Surveys among these students were conducted at the end of each course to analyze these tools for educational purposes.
The paper’s outline is structured as follows: Section 2 discusses related work. Section 3 lists the tools. Section 4
provides some implementation details of the C++ Explorer. The results of a survey administered to the students are
shown in Section 5. Finally, conclusions are drawn in Section 6.
2 Related work
The usage of GitHub® Classroom has been studied in several disciplines [1, 26, 17, 18, 10, 12]. In the majority of cases,
the courses were related to programming, e.g. computer science, engineering, and statistics. Hisng and Gennarelli
recently did a survey among teachers and students on the usage of GitHub® Classroom [12]. We summarized their
findings related to the author’s work:
• ”[...] found that students who used GitHub in the classroom [...] felt more prepared for a future internship or
career than students who did not use GitHub in the classroom.”
• ” [...] found that students who used GitHub in the classroom [...] felt more prepared for developing a portfolio
of their work than students who did not use GitHub in the classroom.”.
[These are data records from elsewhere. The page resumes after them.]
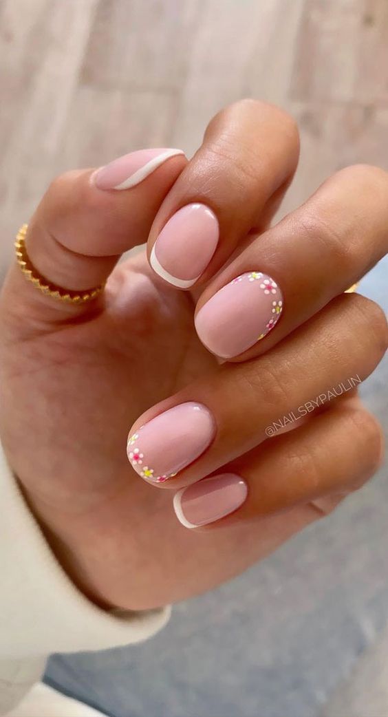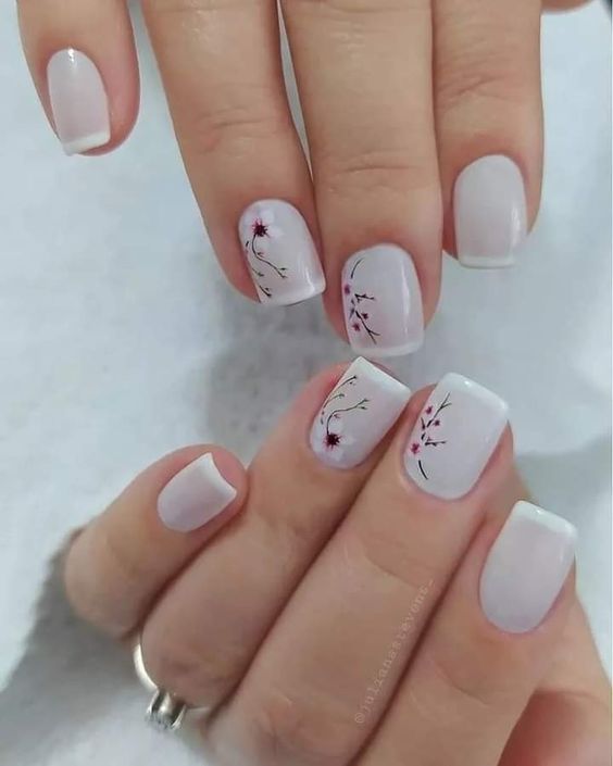 У многих весна ассоциируется с пробуждением природы. Поэтому вы можете сделать классический французский маникюр и дополнить его цветочными узорами. Сделать их можно, нарисовав от руки, с помощью стемпинга или же специальных наклеек.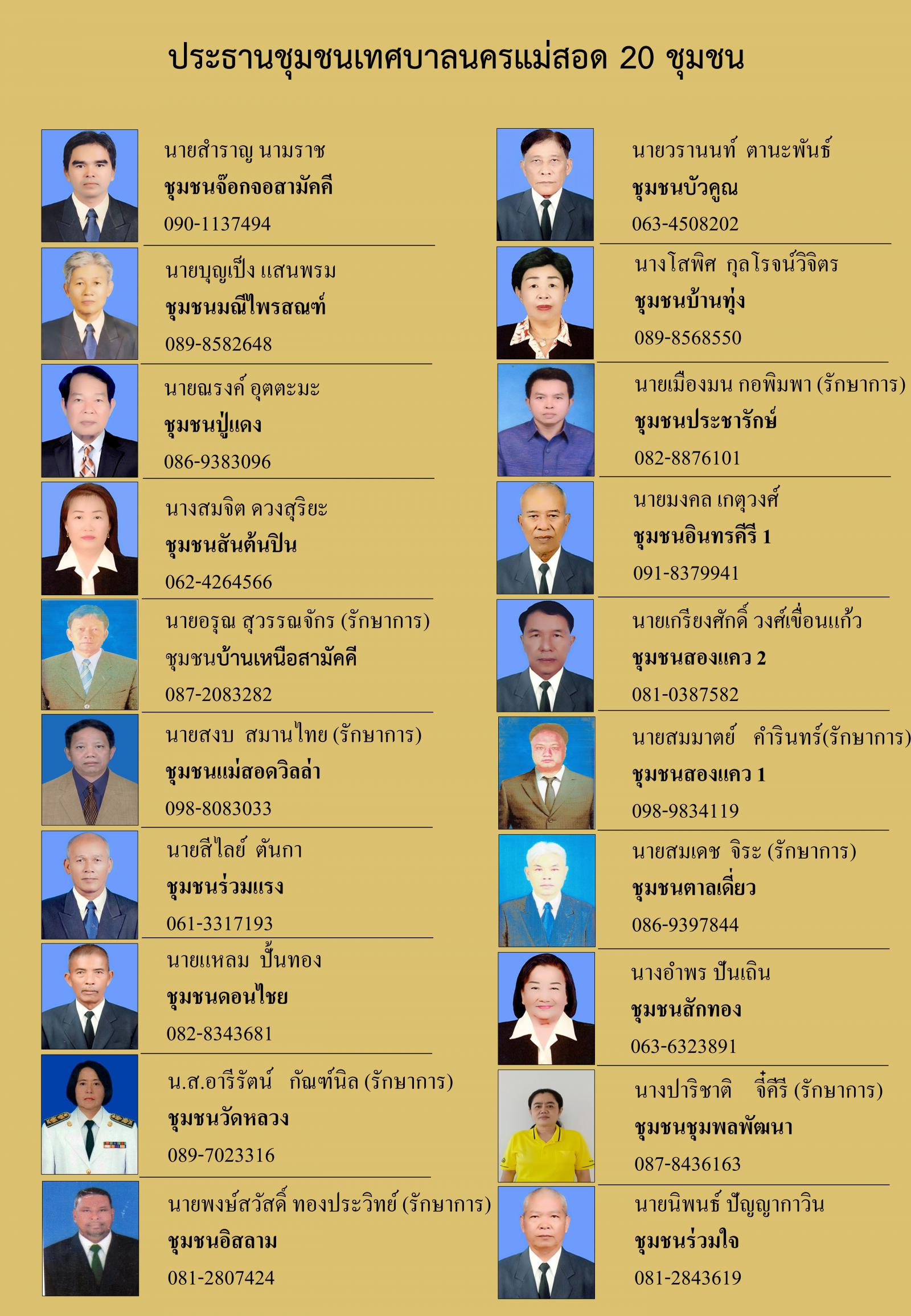 รายชื่อพร้อมเบอร์โทรศัพท์ประธานชุมชนเทศบาลนครแม่สอด 20 ชุมชน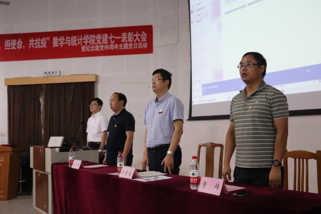 “七一”表彰大会暨纪念建党99周年主题党日活动在龙赛理科楼报告厅隆重召开。党委书记俞金波、副院长曹炜、副院长胡良根出席会议。大会由党委委员、团委书记张宾主持。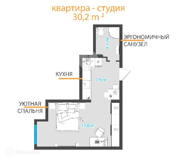 Общая площадь 30 м2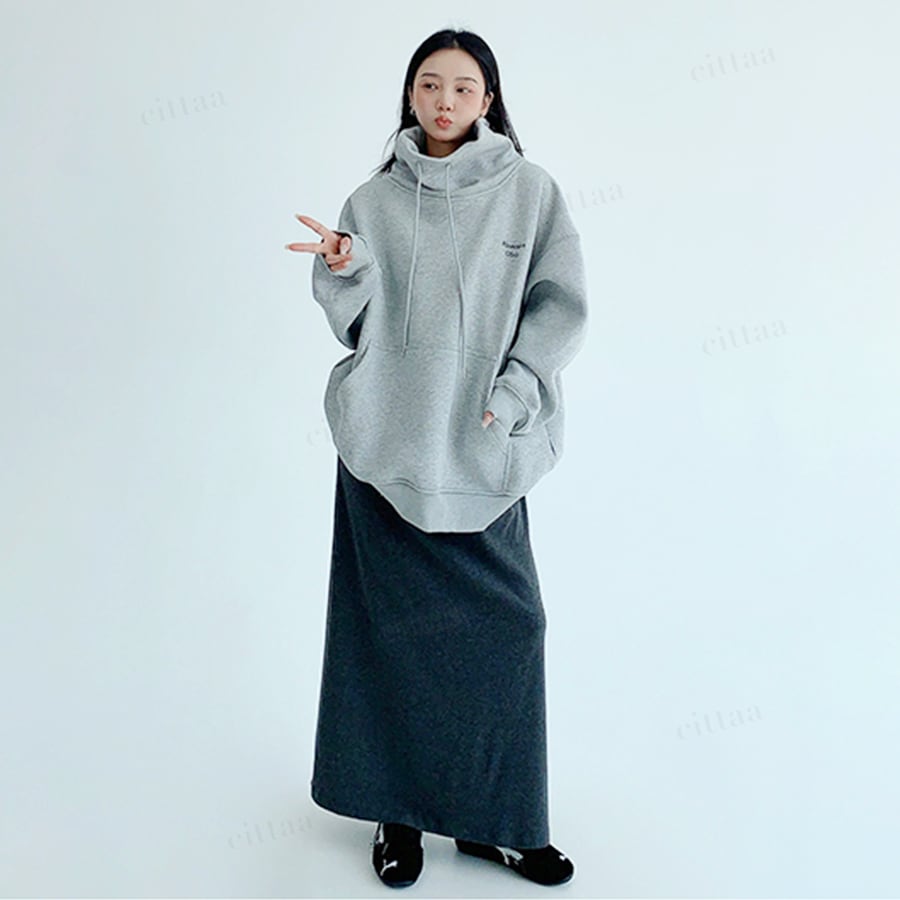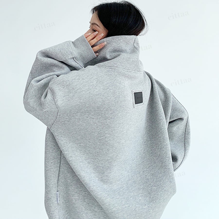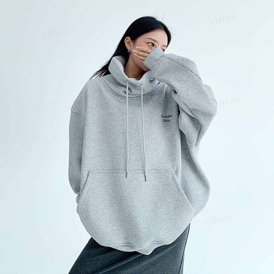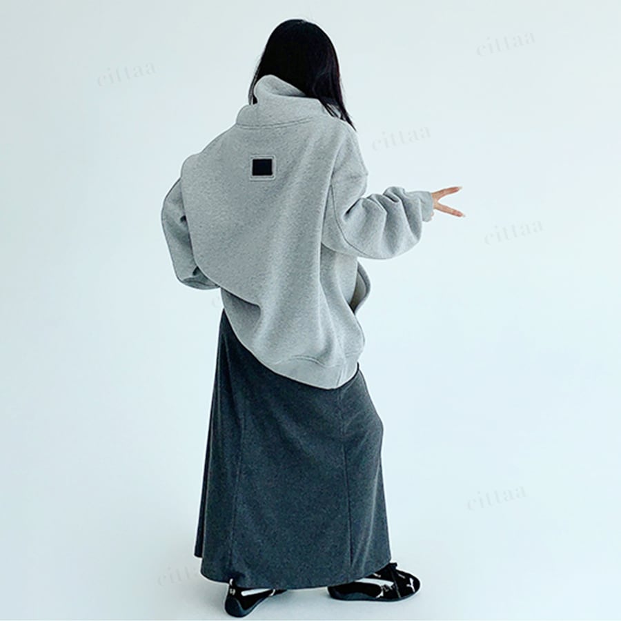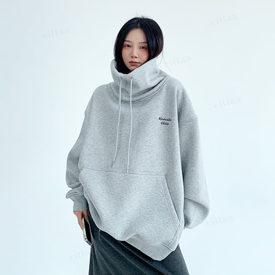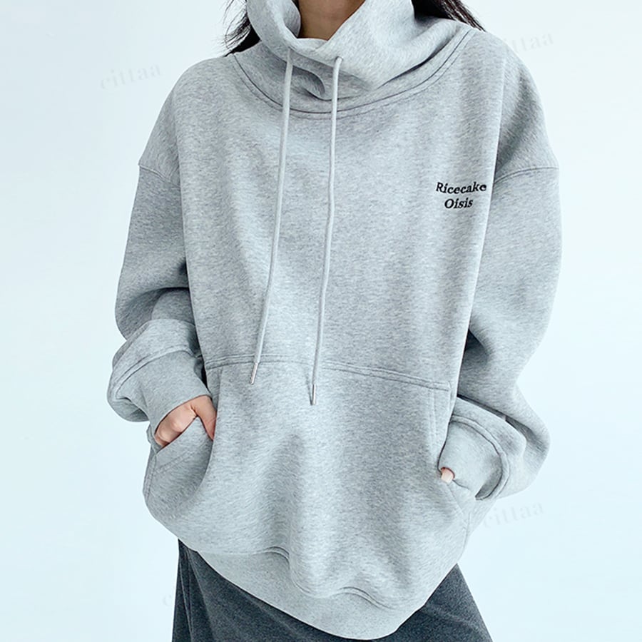 ★予約★D-732 2025秋新作♡Ricecake刺繍ロゴバックラベルハイネックスウェット グレー

The usage of Jupyter notebooks and Jupyterhub for teaching has been studied in several disciplines [4, 24, 22, 3],
e.g. meteorology, physics, and data science. However, all of them used Python. To the best of our knowledge, this
is the first publication describing the interactive teaching of C++ programming using Jupyter notebooks. The usage
of Telegram® bots for teaching purposes has been studied for medical education [14], teaching English language
pronunciation [25], and effectiveness of Telegram® -based virtual education versus in person education [9], however
not for learning a programming language.
The difficulties of setting up the C++ development environment has not yet be studied much. Recently, the in the C++
developer survey 2020 conducted by ISOcpp.org[15] C++ developers were asked what frustrated them most about the
C++ development. One option was the setting up the C++ IDE from scratch. Out of 1032 responses, 25.71% mentioned
that setting up an IDE from scratch is a major point for them. For 43.11% it was a minor point and for 31.18% it was
not significant. Similar results can be found in the 2021 survey [16]. Furthermore, these surveys included all C++
developers and are not limited to students or teaching C++. However, this survey indicated that setting up the C++ IDE
can be frustrating for various kind of C++ developers.
3 Methodology
3.1 GitHub and GitHub Classroom
GitHub® is a widely used platform for the community-based development of open source software. The web-based
platform uses git for version control and provides collaborative features, like a ticketing system, discussion for pull
requests, and a Wiki for documentation purposes. GitHub® Classroom [26] is a downsized version of GitHub® in a
private setup designed for teaching. The instructor can assign homework to an individual student or a group of students
using a git repository. Students can commit the code until a specified deadline by the instructor. The instructor can use
the collaborative features to provide feedback to the student’s submission.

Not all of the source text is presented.